The rmbackup script sources that variable from a separate script library container (read the comments several lines previous). Your system is not set up the same exact way. Modify the rmbackup script to use the correct drive model rather than a partition.

These scripts are designed for hot swapping drives. The device node of the disk changes depending upon when the drive is powered on. For example, on my system, when the drive is powered on during a reboot, the drive will be assigned the /dev/sdc device node. When I power on the drive otherwise, normally the device node is /dev/sde. Yet that will change when I power up the drive just after removing a different swappable drive or concurrently have USB flash drives inserted. Then the device node might be /dev/sdf or /dev/sdg. Hence I use a drive model rather than a hard-coded device and partition.

As I mentioned previously, the script could be modified to compare the lsscsi list before and after powering on a drive to diff the new drive's device node. There are other ways the scripts could be made more robust and universal. Some day I might update the scripts to do that, but not any time soon --- too many other things to do.

For now the script expects a drive model and not a partition or device node.

lpallard · 10-09-2011, 03:08 PM

Exact: there is no timeout in the script.

Quote:

That message is from the rmbackup script, which is called from the backup script and removes the device from the scsi list.

I agree.

I also admit to have changed your scripts quite a bit, to use block ID's (for example 869858df-0cb5-4f7c-a36e-6628c7e27488) instead of drive models because at the moment I had two identical drives connected at the same time, the script panicked. I have 12 hard drives in that server. Most of them are Seagate & Hitachi's (I hate WD) so its bound to happen that two drives with identical model numbers will be online at the same time. The strategy of using model numbers did not work well with my current layout.

Code:

/dev/sda5 does not seem to be connected!

I cheated this output. In fact, since I am using blkid instead of model #'s, I assigned a tag to every partition and I am using this tag to represent the drive in the script (for operator interaction only, not in the actual logic of the code). When I cheated this output to post here, I screwed up and added a "5" which in reality is not there.

Should have been

Code:

Media Storage Backup does not seem to be connected!

Or for the machine

Code:

/dev/sda does not seem to be connected!

Quote:

I suspect when you modified the script for your needs you substituted a drive partition rather than drive model.

You guessed right Sir!

Quote:

The device node of the disk changes depending upon when the drive is powered on.

I think this is where the problem lies. Somehow, the device node must disappear or something else must happen for the script to lose the drive... Hot a big deal since it occcurs rarely and without great consequences. When it happens, I manually run the rmbackup script and this ones pick up the drive and remove it.

Quote:

Hence I use a drive model rather than a hard-coded device and partition

Good logic of you dont have similar drives and also if you are using whole drives instead of partitions.

I'll keep playing whit it and see what happens... Thanks woodsman for your hard work!

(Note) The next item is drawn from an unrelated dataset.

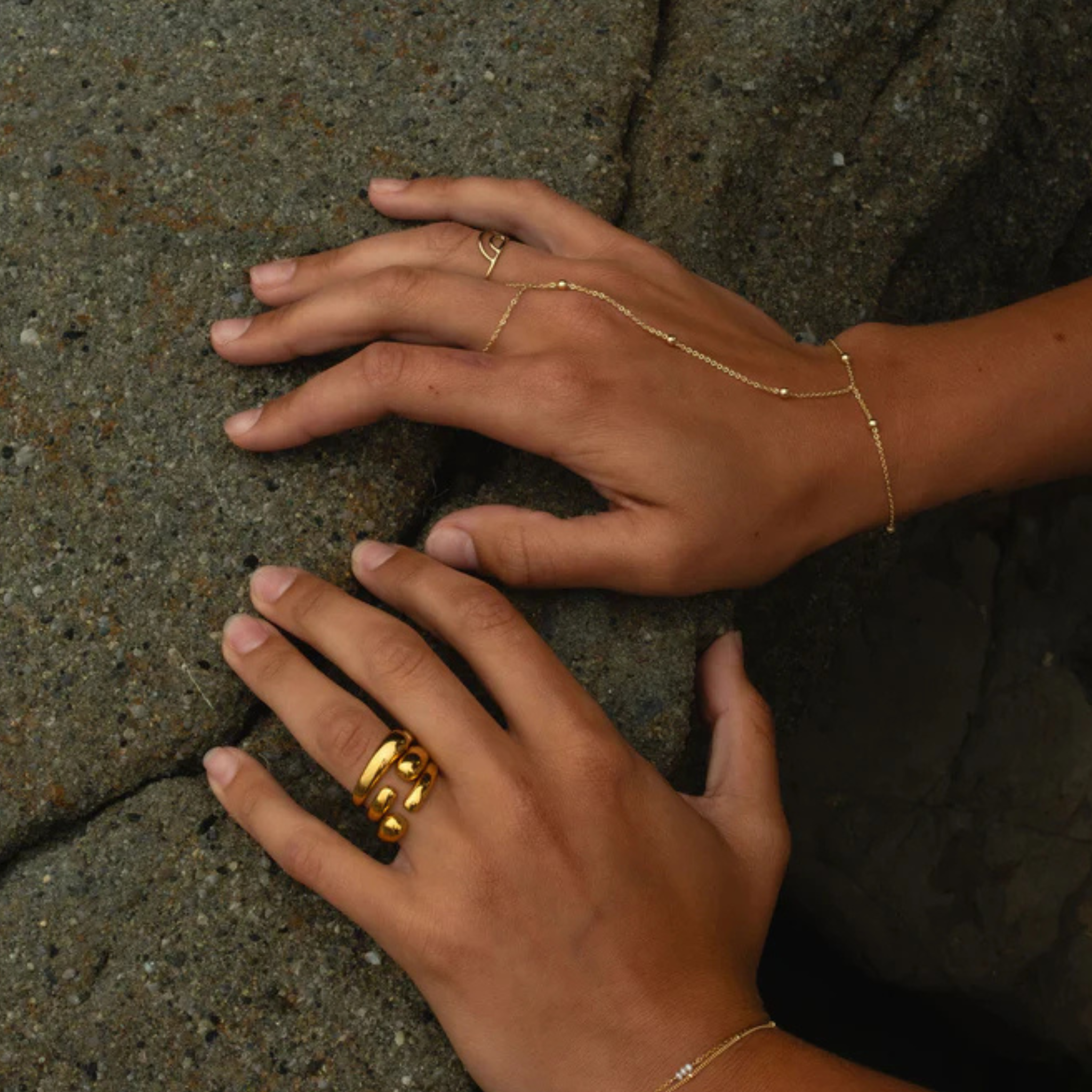 Add a touch of handcrafted charm with the Cora Hand Chain. Gold-plated and made by hand in Southern California, this adjustable chain is the perfect accessory. Spice up any outfit with this unique and versatile piece.

lpallard · 10-09-2011, 10:00 PM

I think I know what happened when the destination drives were getting full.... I've found that directories and files with spaces in their names were strangely copied to the destination drive...

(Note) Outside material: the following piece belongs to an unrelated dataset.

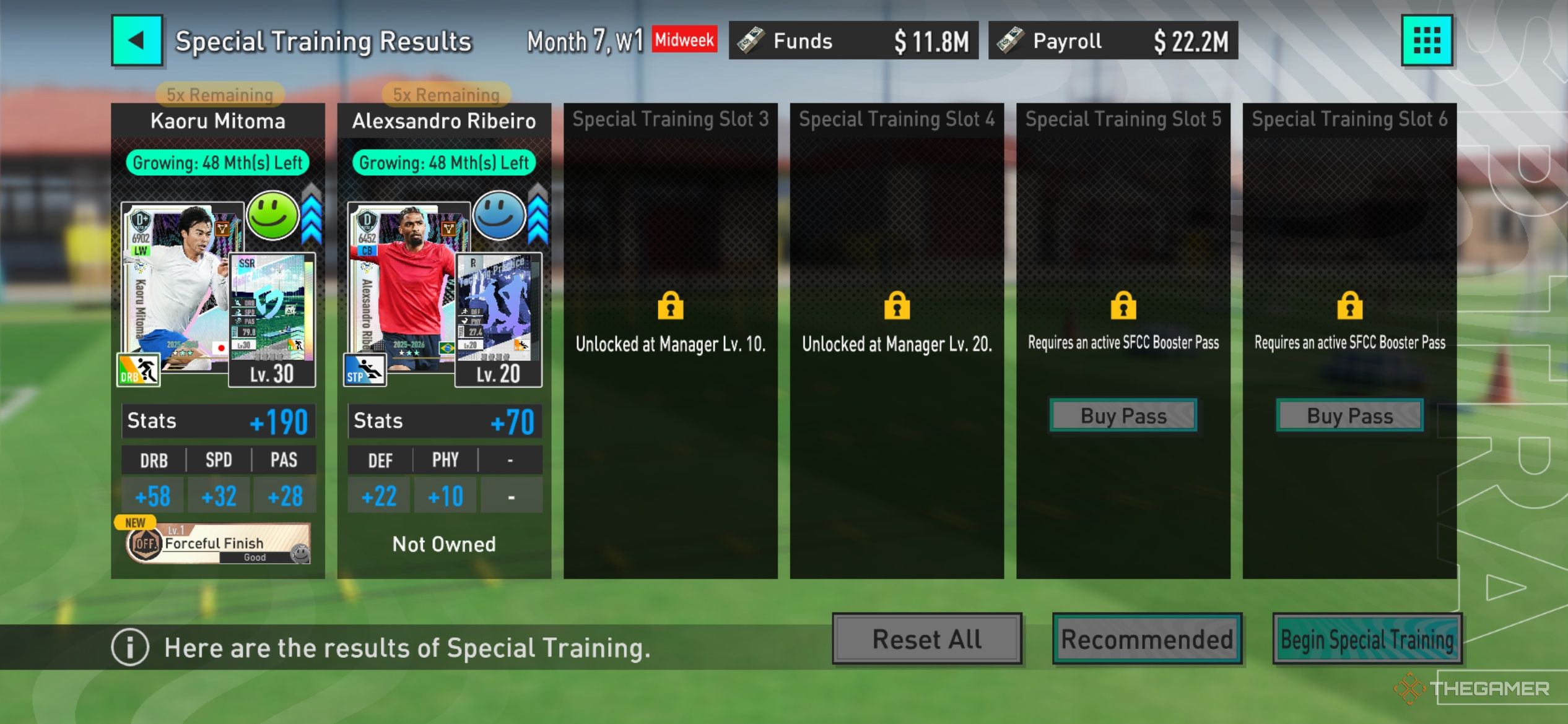 По мере повышения вашего уровня Менеджера вы будете получать доступ к большему количеству слотов, что позволит добавлять больше игроков в Специальную Тренировку.

On the source drive, the directory was 100GB but on the destination drive it was 179GB... Same amount of files and folders.

Are you aware of a problem for rsync copying source items with spaces in filenames?

EDIT: Well, I confirm my doubts above regarding the potential glitch or bug with rsync. I just tried to simply copy the data to the destination drive with "cp -r", nothing fancy. Worked as expected. So I conclude its a problem or a bug with rsync...